Stigmatodactylus is a genus of flowering plants from the orchid family, Orchidaceae. It has 28 currently recognized species (as of March 2026), native to China, Taiwan, Japan, the Himalayas, the Philippines, Malaysia, Indonesia, New Guinea, Australia and the Solomon Islands.

==Species list==
The following is a list of accepted species of Stigmatodactylus accepted by Plants of the World Online as at March 2026:
- Stigmatodactylus aegeridantennatus (N.Hallé) M.A.Clem. & D.L.Jones - New Caledonia
- Stigmatodactylus amplexicaulis (F.M.Bailey) S.P.Lyon, M.A.Clem. & D.L.Jones - Queensland, New South Wales, New Caledonia
- Stigmatodactylus aquamarinus A.S.Rob. & Gironella - Palawan (Philippines)
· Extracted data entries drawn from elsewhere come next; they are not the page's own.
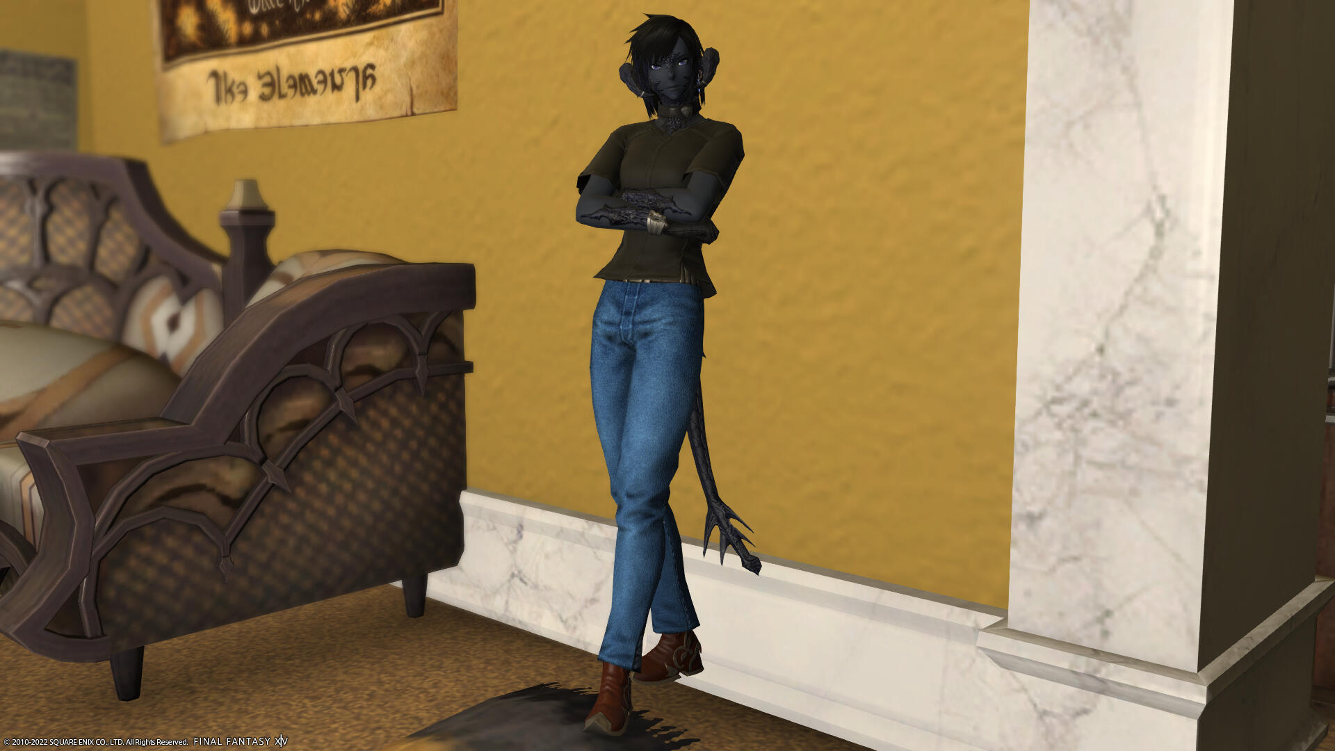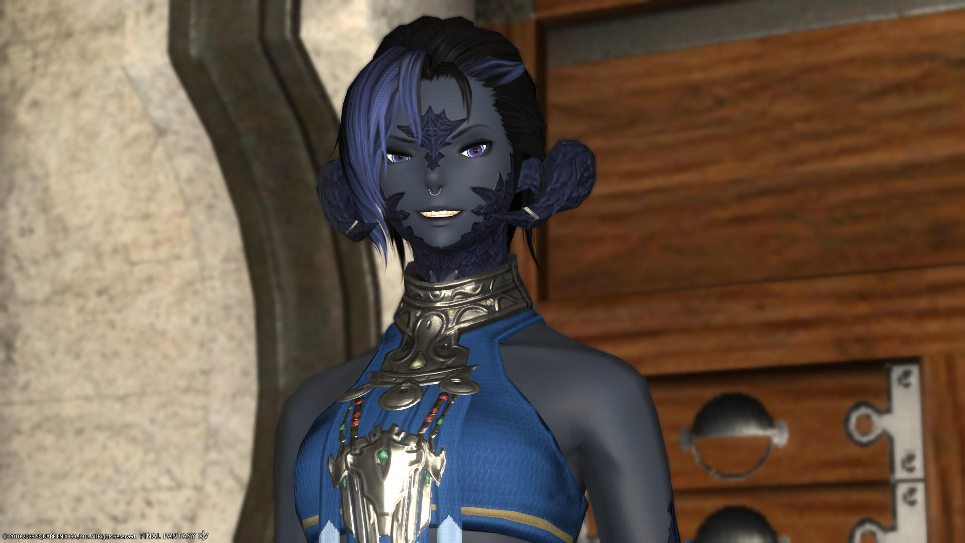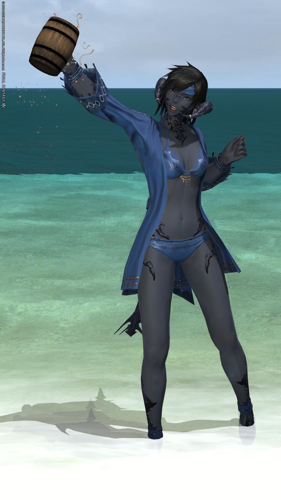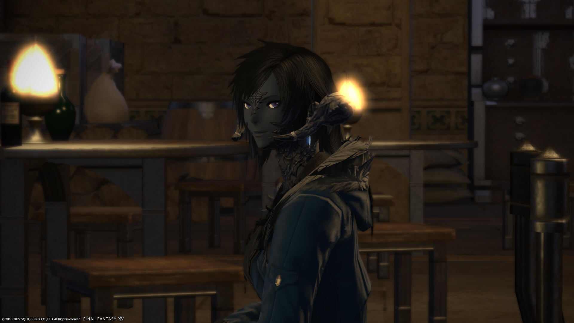 The Last Round: “Never stops raining here, should have never left the steppes.” The small, hooded figure muttered as she ran across the bridges connecting Limsa Lominsa’s upper decks, only stopping when she finally arrived at her destination. Juskia Dotharl peered around The Drowning Wench and took a step towards the stairs that led to the Mizzenmast Inn where she had been staying since arriving in the city. The hooded coat she wore hid her from prying eyes, the only clue to what she might be was the long black scaly tail that poked from the back. As she looked around the circular tavern she paused after a few paces as she considered. “Looks like a quiet night tonight, maybe I can have one or two before I head to my room and dry off.” Two dark blue hands appeared from under the cloak to pull the hood further over her face as she headed towards the bar. Taking one last look around, she sat down and dropped a few gil onto the counter. Noticing the look Baderon was giving her she held up a hand and shook her head. “Don’t worry. Won’t be any trouble tonight. Just having a couple before I go to my room. Besides, the Yellowjackets said I send one more to the infirmary, it doesn't matter if I started it or not, I’m being tossed out of the city. So, no fights tonight, I want a dry place to sleep.” Baderon simply gave her a nod and placed the mug of ale down in front of her. “See that ye don’t lass. Ye been a good ‘elp with all the mess lately. ‘ate to lose another ‘venturer that enjoys the job.” With another shrug, she nods and reaches for the mug taking a long pull from it. It’s not like she could help that the Dotharl reputation had gotten out and people liked picking a fight with her because of it. Of course, she was not one to walk away from said challenges either. At least it looked like the heavy rain was keeping everyone from venturing out this evening. Time passed, one or two mugs soon turned into a half dozen and more. Who was counting? The ale was one thing she had developed a taste for after she had traveled to the west, following her Khatun, Sadu, as part of the Ilsabard Contingent. After the battles calmed down she decided to explore more of this strange land curious about what the world had to offer, what other battles she could enjoy. But the ale, that was one thing she very much enjoyed almost as much as the thrill of battle. Most of the gil she had earned, that wasn’t used to pay for her room and food, she spent down here sampling all the different drinks they had or the occasional game of chance. As the night wore on the rain let up, and soon more and more people were coming in. At this point Juskia seemed not to care anymore and was just enjoying her evening, now ordering a large plate of different meats, cheeses, and bread to go with the ale. She might be small in frame, but it seemed she did handle her alcohol well, the food would only help, that and she was hungry. Of course if she hadn’t been drinking as much she might have noticed the very type of people she was trying to avoid wandering in. Two boisterous groups of roegadyn and hyur were in a very heated game of dice off to one side of an inn. When suddenly one of them quickly stands and tosses the table to the side. “Dem dice are loaded!” Juskia’s head snaps up and looks towards the crowd which was getting louder by the moment. It didn’t take her or anyone else long to figure out what was about to happen. With a heavy sigh she downs the mug of ale and grabs a loaf of bread, tearing out the center she stuffs as much of the meat and cheese that was left inside and waves to Baderon who was already pointing a finger at her to not get involved. “I’ll be taking this up to my room. Hope this won’t be too much of a mess for you.” She said with a smile. With that as the fight inevitably broke out Juskia quickly made her way towards the stairwell that would carry her to her room. At least that was the plan. But fate, or maybe dumb luck, had a different idea as an errant bottle flew across the room to smash into the back of the diminutive figure’s head. The force of the impact shattered the glass and sent her stumbling forward, and her makeshift sandwich to the ground. A rand reached up to feel the back of her head as she stood there quietly for a few seconds, her shoulders heaving underneath the cloak before she finally spun on her heel towards the group. “All right. Yah wants me so much! Was going to let you lot off easy tonight!” She yells out her hand grabbing the edge of the cloak, a pale whitish light appearing from underneath. “But now my turn for some fun! Sadu to me!” She yells out as she pulls off the cloak and tosses it aside. Standing there was the small Xaela, dark blue almost black skin adorned with black scales and horns. She had shoulder length black hair with streaks of blue running through it. She wore an angry scowl, but her lips were turned up with a frightening grin. Under the cloak she was dressed in the typical Dotharl garb of light cloth and leather, adorned with blue feathers. The only thing that stood out were the long leather forearm covers which were now covered with brightly glowing runes. Beside her seemingly out of nowhere the aether coalesced and a light blue carbuncle appeared at her side. “Get em!” She called out to the magical beast as it charged into the group of people. Unlike most of these aetherical beings, this carbuncle fought with tooth and claw. It leapt up onto the first person it ran into only to have a few glowing balls of force smacking into the fighters indiscriminately around it. With a laugh she waved a hand over one forearm, the glowing aether forming into another ball as she threw it too into the crowd. The chilling laugh only grew as it sent a few people flying. As dotharl and carbuncle entered the fray a few voices yelled out in alarm as they realized not only there were more people coming into the fight, but t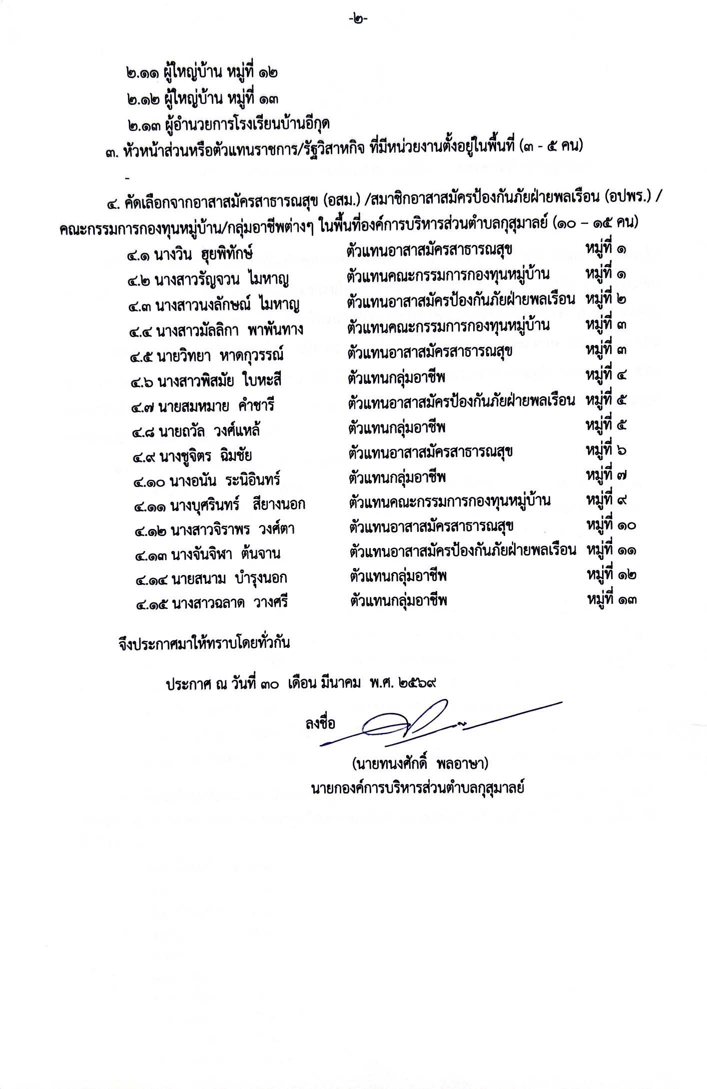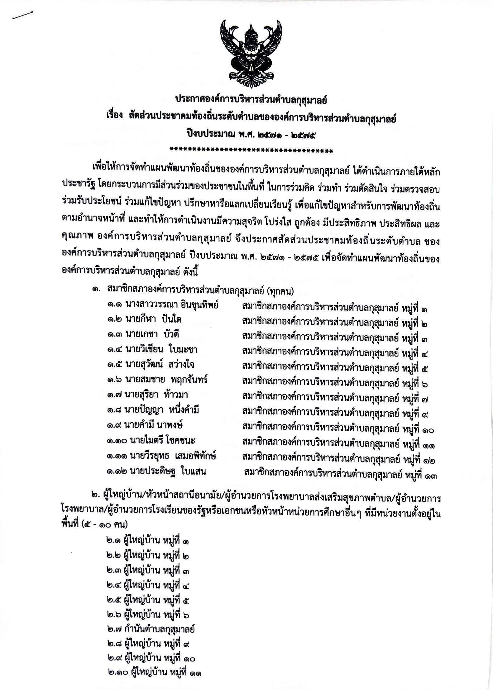 ประกาศองค์การบริหารส่วนตำบล กุสุมาลย์ เรื่อง สัดส่วนประชาคมท้องถิ่นระดับตำบลขององค์การบริหารส่วนตำบลกุสุมาลย์ ปีงบประมาณ พ.ศ. 2571 - 2575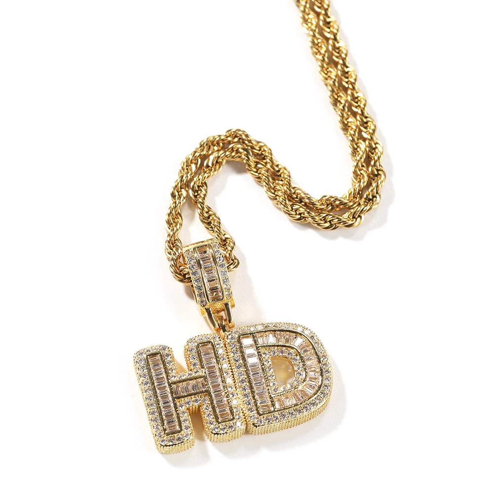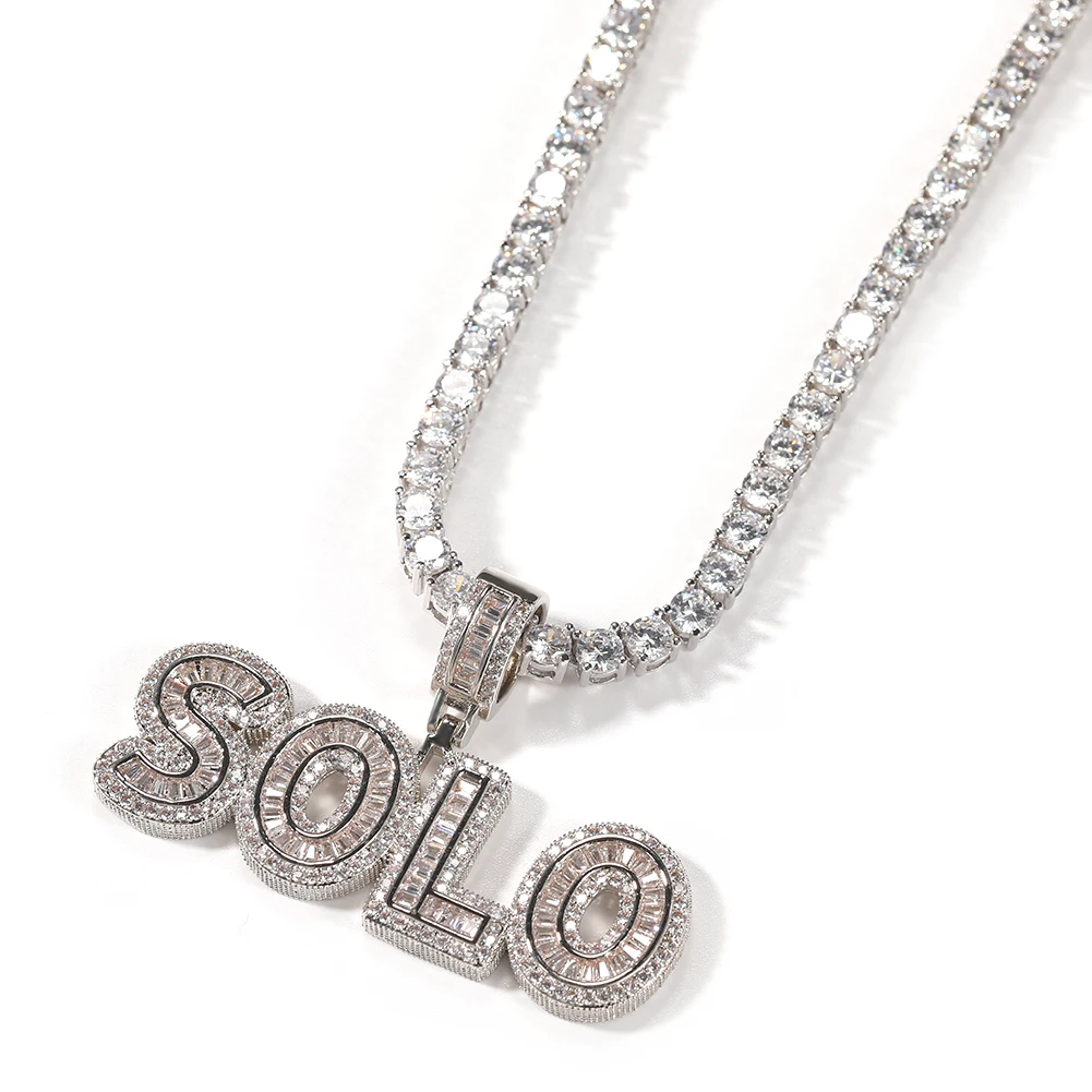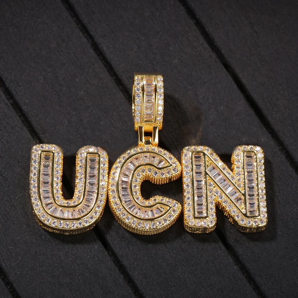 Шикарный король кубический циркон маленький багет начальные буквы кулон ожерелье слова с 4 мм CZ теннисная цепочка Ювелирные изделия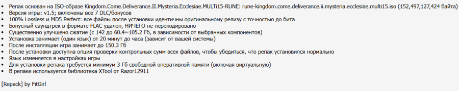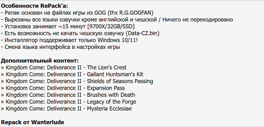 20:52 12.11.2025 — РЕПАК ОТ WANTERLUDE (67.69 GB) ОБНОВЛЕН ДО ВЕРСИИ 1.5 (Build 20641503) + ДОБАВЛЕНО ФИНАЛЬНОЕ DLC Mysteria Ecclesiae. Минимальный размер репака 66.2 ГБ, можно не качать чешскую озвучку - Data-CZ.bin (12.9 ГБ). Инсталлятор поддерживает только Windows 10/11!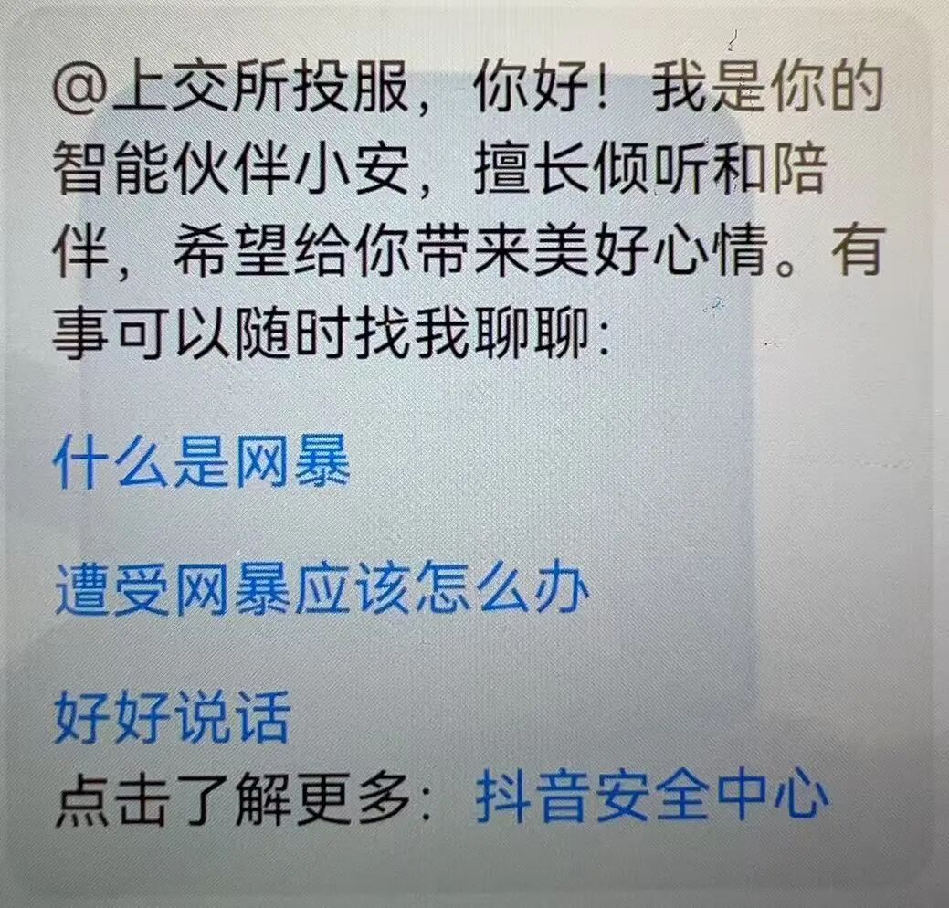 这也导致平台的智能伙伴小安在账号开通不久就来疯狂关心小李,贴心提提示“遭受网暴应该怎么办”这个话题。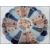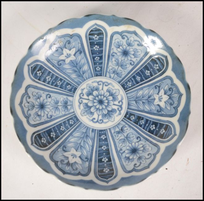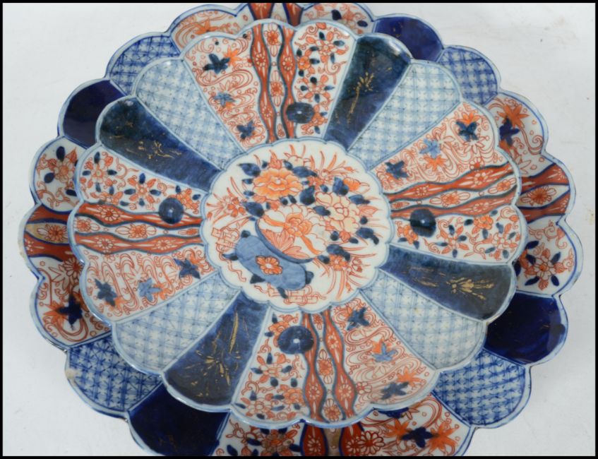 2 Chinese Imari pattern dishes in polychrome colours of red, blue and white having geometric patterns together with another Chinese blue and white dish. The Imari chargers with blue foliates and blue concentric circles to the foot.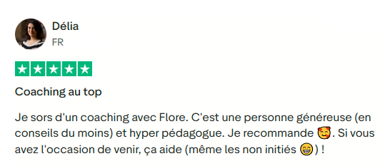 Je sors d'un coaching avec Flore. C'est une personne généreuse (en conseils du moins) et hyper pédagogue. Je recommande 🥰. Si vous avez l'occasion de venir, ça aide (même les non initiés 😁) !

- Stigmatodactylus bracteatus (Rendle) M.A.Clem. & D.L.Jones - New Caledonia
- Stigmatodactylus celebicus Schltr. - Sulawesi
- Stigmatodactylus confusus (Guillaumin) M.A.Clem. & D.L.Jones - New Caledonia
- Stigmatodactylus corniculatus (Rendle) M.A.Clem. & D.L.Jones - New Caledonia
- Stigmatodactylus croftianus (Kores) Kores - New Guinea
- Stigmatodactylus cymbalariifolius (F.Muell. & Kraenzl.) M.A.Clem. & D.L.Jones - New Caledonia
- Stigmatodactylus dalagangpalawanicum A.S.Rob. - Palawan (Philippines)
- Stigmatodactylus elegans (Rchb.f.) M.A.Clem. & D.L.Jones - New Caledonia
- Stigmatodactylus gibbsiae (Kores) Kores - New Guinea
- Stigmatodactylus grandiflorus (Schltr.) M.A.Clem. & D.L.Jones - New Caledonia
- Stigmatodactylus halleanus (Kores) M.A.Clem. & D.L.Jones - New Caledonia
- Stigmatodactylus heptadactylus (Kraenzl.) M.A.Clem. & D.L.Jones - New Caledonia
- Stigmatodactylus javanicus Schltr. & J.J.Sm. - Java
- Stigmatodactylus lamrii (J.J.Wood & C.L.Chan) D.L.Jones & M.A.Clem. - Sabah
- Stigmatodactylus macroglossus (Schltr.) M.A.Clem. & D.L.Jones - New Caledonia
- Stigmatodactylus oxyglossus (Schltr.) M.A.Clem. & D.L.Jones - New Caledonia
- Stigmatodactylus paradoxus (Prain) Schltr. - Sikkim
- Stigmatodactylus richardianus P.T.Ong - Peninsular Malaysia
- Stigmatodactylus serratus (Deori) A.N.Rao - Assam
- Stigmatodactylus sikokianus Maxim. ex Makino - Fujian, Hunan, Taiwan, Japan
- Stigmatodactylus sublestus (Dockrill) S.P.Lyon, M.A.Clem., D.L.Jones - Queensland
- Stigmatodactylus tenuilabris (Schltr.) M.A.Clem. & D.L.Jones - New Caledonia
- Stigmatodactylus variegatus (Kores) Kores - New Guinea
- Stigmatodactylus veillonis (N.Hallé) M.A.Clem. & D.L.Jones - New Caledonia
- Stigmatodactylus vulcanicus (Schodde) Maek. - Solomon Islands

Stigmatodactylus antennatus, a species found in West Papua has been described by André Schuiteman, Reza Saputra, Jimmy F. Wanma and Charlie D. Heatubun in the journal Plants.